===== Supplied data
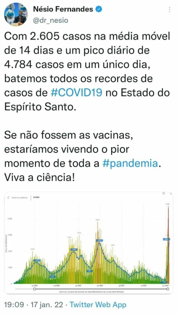 De acordo com o secretário, o Espírito Santo ainda vive um momento de aceleração rápida da curva de casos de Covid-19 em simultaneidade com a epidemia de influenza. Segundo Nésio, sete municípios alcançaram uma taxa de incidência superior a dois dígitos em números de casos por mil habitantes: Vitória, Ponto Belo, Linhares, Rio Bananal, Mucurici, São Gabriel da Palha e Guarapari.
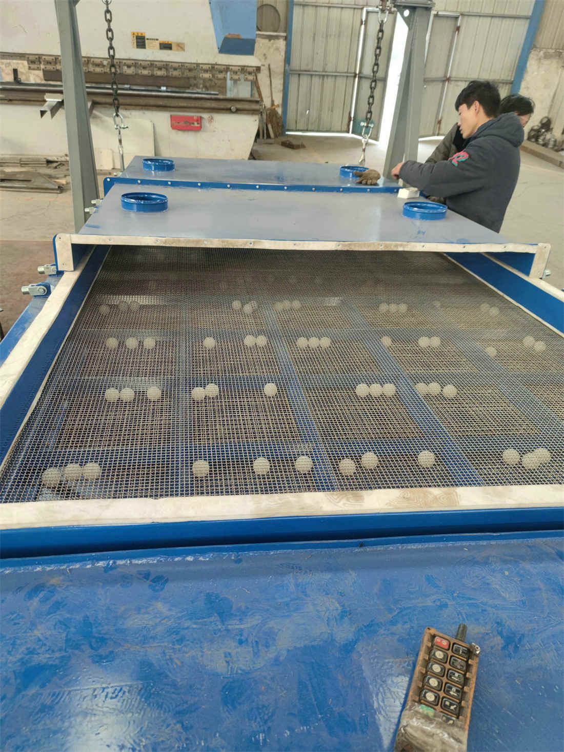 平面回轉(zhuǎn)篩在篩網(wǎng)下方格中的彈跳球通過(guò)直接裝機(jī)篩網(wǎng)來(lái)去除篩網(wǎng)上的顆粒,使篩網(wǎng)表面保持清潔,小球撞擊篩網(wǎng)產(chǎn)生的振動(dòng)有助于物料的分離和粘在一起的顆粒分離。
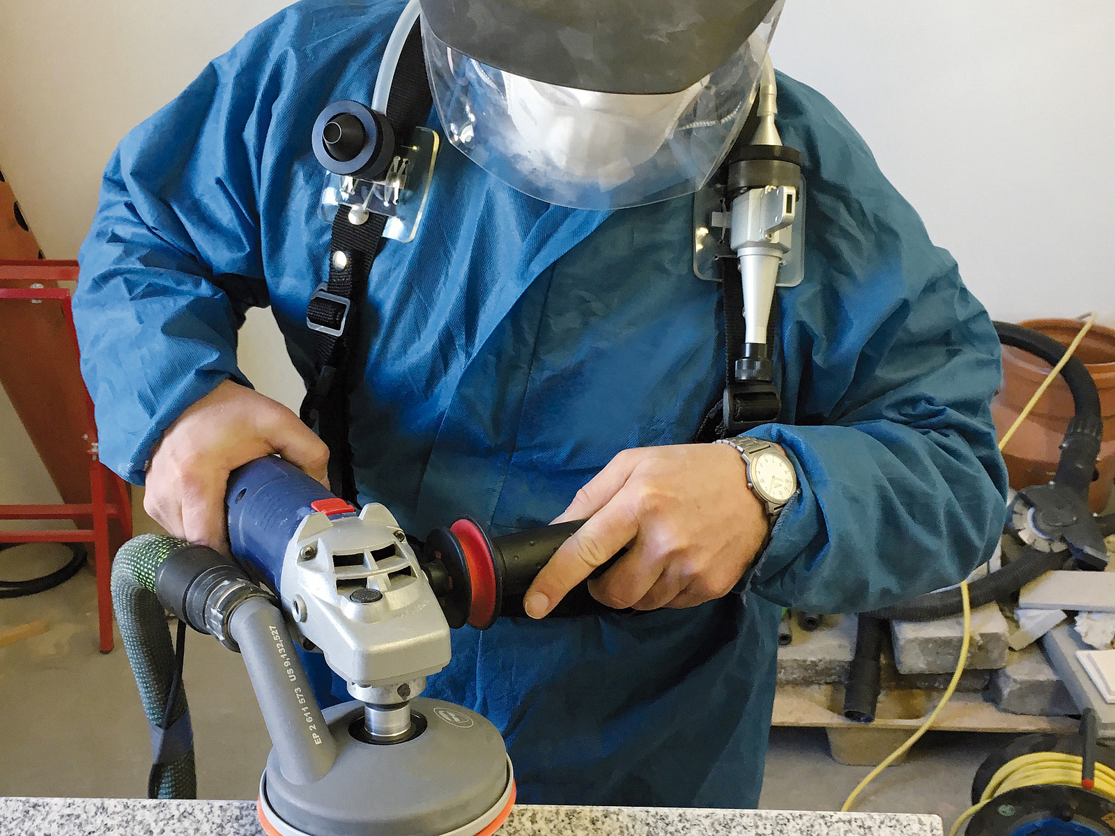 In der Handlungsanleitung „Staub bei Steinmetz- und Naturwerksteinbearbeitung“, die kürzlich zusammen mit weiteren Informationen in einer überarbeiteten dritten Fassung erschienen ist, wird deshalb dieses Schleifsystem für den Einsatz bei Kantenschleifarbeiten ohne Verwendung weiterer Schutzmaßnahmen empfohlen.
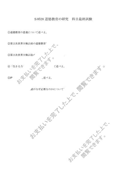 【2026年度対応】 S0528 道徳教育の研究 佛大科目最終試験対策 6設題&解答例 95点
==========
Task requirements: With images omitted, retype the data word for word.

Response:
 De acordo com o secretário, o Espírito Santo ainda vive um momento de aceleração rápida da curva de casos de Covid-19 em simultaneidade com a epidemia de influenza. Segundo Nésio, sete municípios alcançaram uma taxa de incidência superior a dois dígitos em números de casos por mil habitantes: Vitória, Ponto Belo, Linhares, Rio Bananal, Mucurici, São Gabriel da Palha e Guarapari.
 平面回轉(zhuǎn)篩在篩網(wǎng)下方格中的彈跳球通過(guò)直接裝機(jī)篩網(wǎng)來(lái)去除篩網(wǎng)上的顆粒,使篩網(wǎng)表面保持清潔,小球撞擊篩網(wǎng)產(chǎn)生的振動(dòng)有助于物料的分離和粘在一起的顆粒分離。
 In der Handlungsanleitung „Staub bei Steinmetz- und Naturwerksteinbearbeitung“, die kürzlich zusammen mit weiteren Informationen in einer überarbeiteten dritten Fassung erschienen ist, wird deshalb dieses Schleifsystem für den Einsatz bei Kantenschleifarbeiten ohne Verwendung weiterer Schutzmaßnahmen empfohlen.
 【2026年度対応】 S0528 道徳教育の研究 佛大科目最終試験対策 6設題&解答例 95点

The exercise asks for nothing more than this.